# My favorite ensemble for prime time madrigalists, claudio calvida & La Venexiana



## deprofundis (Apr 25, 2014)

It's no secret im a big fan of la Venexiana and Claudio Calvida a pure genieous for Carlo GESUALDO, i never heard sutch awesome set of madrigals, the voice are from the heaven, never too loud , charming, warm. inspiring,, evocative, expressionist ..woaw guys

Deuxio There album of Luzzacho Luzzaschi and De wert madrigals has well, oh i love la venexiana, taste better than the best kaviar.

And that it folks oh yeah i almost forgot, Jacob Handl Gallus and Adrian Willaert madrigals on Singer Pur are in league.

I love the art form of song genra of this kind .

:tiphat:


----------



## EddieRUKiddingVarese (Jan 8, 2013)

what ?


----------



## deprofundis (Apr 25, 2014)

*what ?*

I swear la venexiana ensemble, trust me on this is rad for music art form of madrigal a poetic song about life death love hate and many more topic ,so is Singer Pur after i heard Jacob Handl Gallus and Adriant Willaert,, that about it *EddieRUKiddingVarese*

:tiphat:


----------



## Mandryka (Feb 22, 2013)

deprofundis said:


> It's no secret im a big fan of la Venexiana and Claudio Calvida a pure genieous for Carlo GESUALDO, i never heard sutch awesome set of madrigals, the voice are from the heaven, never too loud , charming, warm. inspiring,, evocative, expressionist ..woaw guys
> 
> Deuxio There album of Luzzacho Luzzaschi and De wert madrigals has well, oh i love la venexiana, taste better than the best kaviar.
> 
> ...


It's good you post this because I listened to some of their Monteverdi just a couple of weeks ago.

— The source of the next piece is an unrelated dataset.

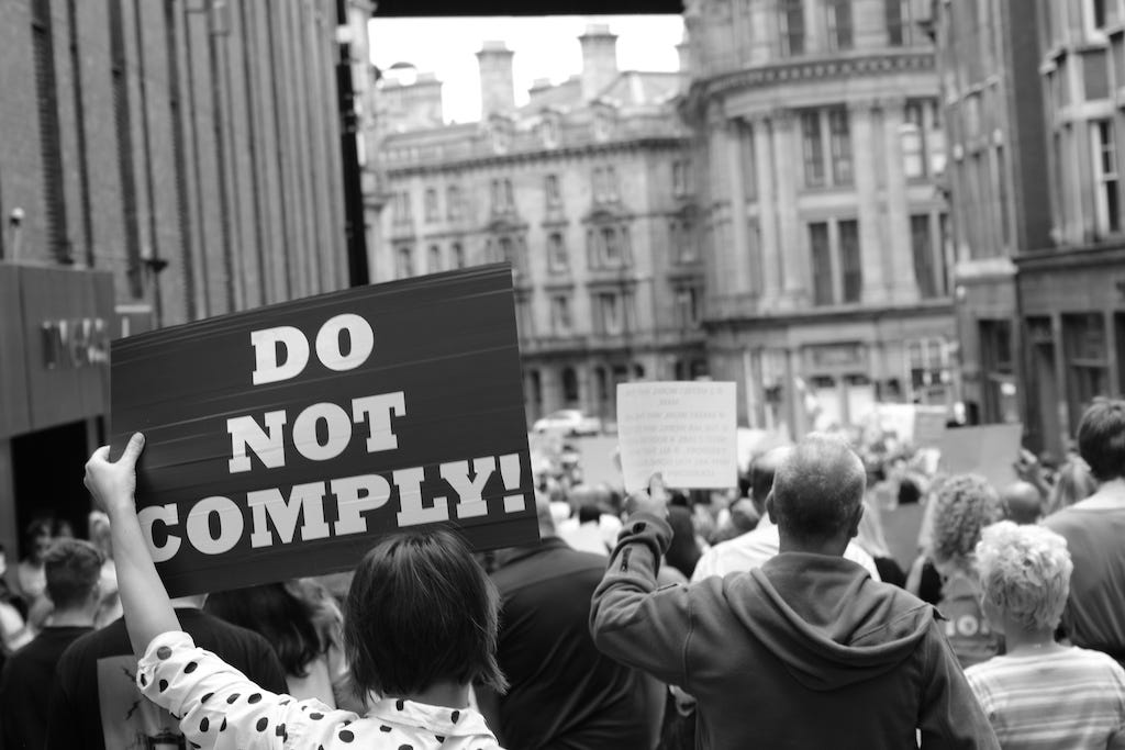 We are in the process of dumping lots of despotic rulers and their endless rules. There is an exploitative system run by criminals that seizes your assets under a false pretext, and now funds a lot of genocidal activity. In the past you would have followed every procedure and become anxious by going “out of process”. Now you have to make a personal judgement about the legitimacy of those rules. It’s OK to be “unruly” in this war.

They are operatic almost, with extrovert colourful highly nuanced word painting. I must say, these days I'm very anti opera, and in Monteverdi I really am not interested in the songs after Book 5 - and for these reasons, I prefer Alessandrini.

There's a whole other approach to madrigal singing which is not unrewarding - that of Emma Kirkby and Anthony Rooley.


----------